Жизнь была горяча и стремительна, безумна и гибельна, пуста, бессмысленна. Тысячи отбрасывали ее. Нельзя ли новый мотив, довольно старых песенок!
И Аллан дал им его. Он дал им песнь из железа и треска электрических искр, и они поняли: это была песнь их эпохи, и они слышали ее неумолимый ритм в грохоте проносившихся над их головами поездов надземной дороги.
Этот человек не сулил никаких прав в царстве небесном, не утверждал, что душа человека имеет семь этажей. Этот человек не жонглировал давно забытым прошлым или туманным будущим, этот человек был современность. Он обещал нечто осязательное, всем понятное: он хотел прорыть в земле дыру — вот и все!
Но несмотря на простоту проекта, каждый сознавал его необычайную смелость. А главное: он был окружен ослепительным сверканием миллионов!
Вначале деньги «маленьких людей» притекали скудно, но потом полились рекой. По Нью-Йорку, Чикаго, Сан-Франциско, по всей Америке носились слова «туннельные шеры». Вспоминали о шерах «Виктория Рэнд-Майн», о шерах «Континенталь-Радиум», обогативших их держателей. Туннельные шеры могли оставить далеко за собой все бывшее до них. Можно было... О, что и говорить, их необходимо было купить! Речь ведь шла не о лишней тысяче долларов, речь шла о том, чтобы обеспечить себе отступление в старость, пока еще не вывалились из челюстей зубы.

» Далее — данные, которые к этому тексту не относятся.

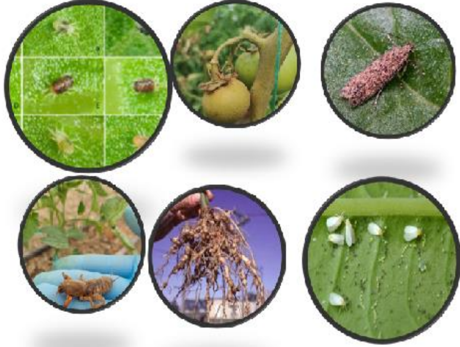
Şekil 2. Örtüaltında sorun olan başlıca zararlılar

Örtü altında kültür bitkilerinde olduğu gibi bitki koruma problemleri görülmektedir. Bunların başında ise sırasıyla; Kırmızı örümcekler [ Tetranychus urticae Koch.], Domates pasakarı [ Aculops lycopersici , Domates güvesi [ Tuta absoluta (Meyrick)], Danaburnu [ Grylotalpa grylotalpa (L.)], Kök ur nematodları ( Meloidogyne spp. , Goeldi), Tütün beyazsineği [ Bemisia tabaci (Genn.)] (Şekil 2) ve Hıyar mozaik virüsü ( Cucumber mosaic virus ), Kabakgillerde Mildiyö ( Pseudoperonospora cubensis Berk. and Curt.), Kurşuni Küf ( Botrytis cinerea Pers.), Domates lekeli solgunluk virüsü (Tomato spotted wilt virus) Şekil 3.
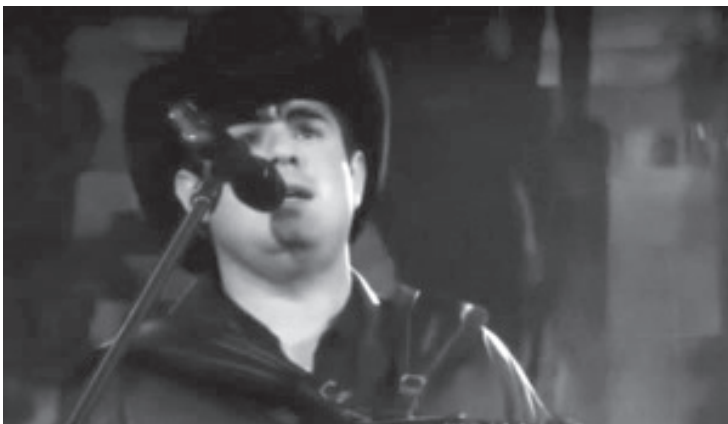
Este sábado, la Arena Heroica fue el punto de reunión de uno de los eventos más esperados de la Expo Feria Monarca Zitácuaro 2025, con la presentación estelar de Alfredo Olivas. El cantante y compositor mexicano cautivó a miles de asistentes con su inconfundible estilo, consolidando su lugar como uno de los artistas más populares del género regional mexicano.

Alfredo Olivas, con su carisma y talento, brindó a los asistentes una experiencia única que quedará en la memoria de los fanáticos
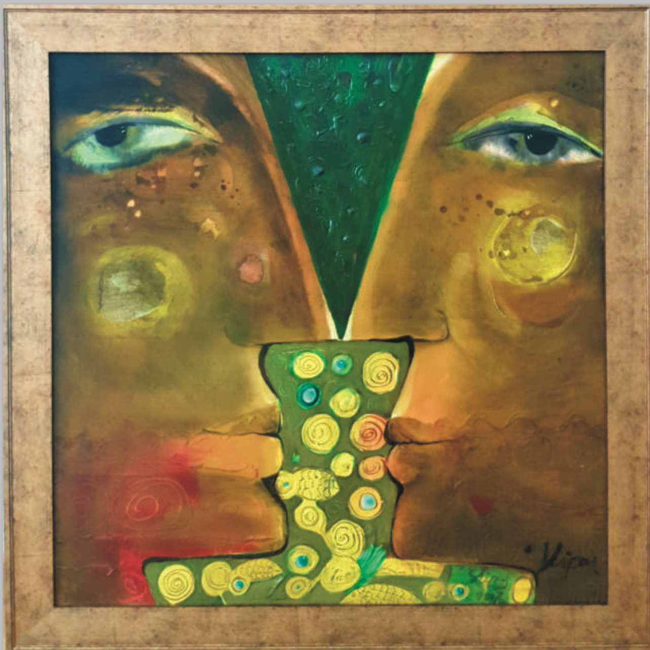
ŠLIPAS „Meilė Nr. 20“ 80x80 cm, drobė, aliejus, 2017 m.
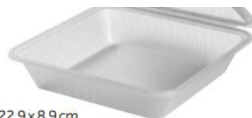
22,9x22,9x8,9 cm G10.003.0018 weiß (white) VPE / PU 12
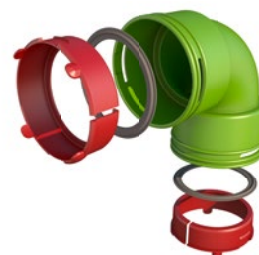
Kit coude AE48C

Неделями людской поток наводнял гранитные лестницы здания синдиката. Несмотря на то, что шеры с таким же успехом можно было приобрести в сотне других мест, каждый хотел получить их свеженькими из первоисточника. Кучера, шоферы, официанты, лифтеры, конторщики, продавщицы, ремесленники, воры, евреи, христиане, американцы, французы, немцы, русские, поляки, армяне, турки — все нации и все оттенки кожи толпились перед синдикатом и горячо спорили о шерах, дивидендах, прибылях. Воздух был насыщен запахом денег! Казалось, будто с серого зимнего неба на Уолл-стрит лился дождь верных денег, солидных долларовых банкнот.
В иные дни скопление народа было так велико, что у служащих не оставалось времени сложить в пачки собранные деньги. Это было, право, совсем как в давно минувшие дни франклиновского синдиката, дни покойного «520-процентного Миллера». Кассиры просто бросали деньги на пол позади себя. Они ходили по щиколотку в деньгах, и артельщики без перерыва уносили деньги в бельевых корзинах. Этот все нараставший поток денег вызывал блеск неистовой жадности в глазах людей, просовывавших голову в окошечко. Одной горсточки, которую можно зажать в кулаке, достаточно, чтобы они — безличные номера, моторы, автомашины, машины — превратились в людей. Одурманенные, словно после попойки, опьяненные мечтой, с горящими глазами, уходили они, чувствуя себя миллионерами.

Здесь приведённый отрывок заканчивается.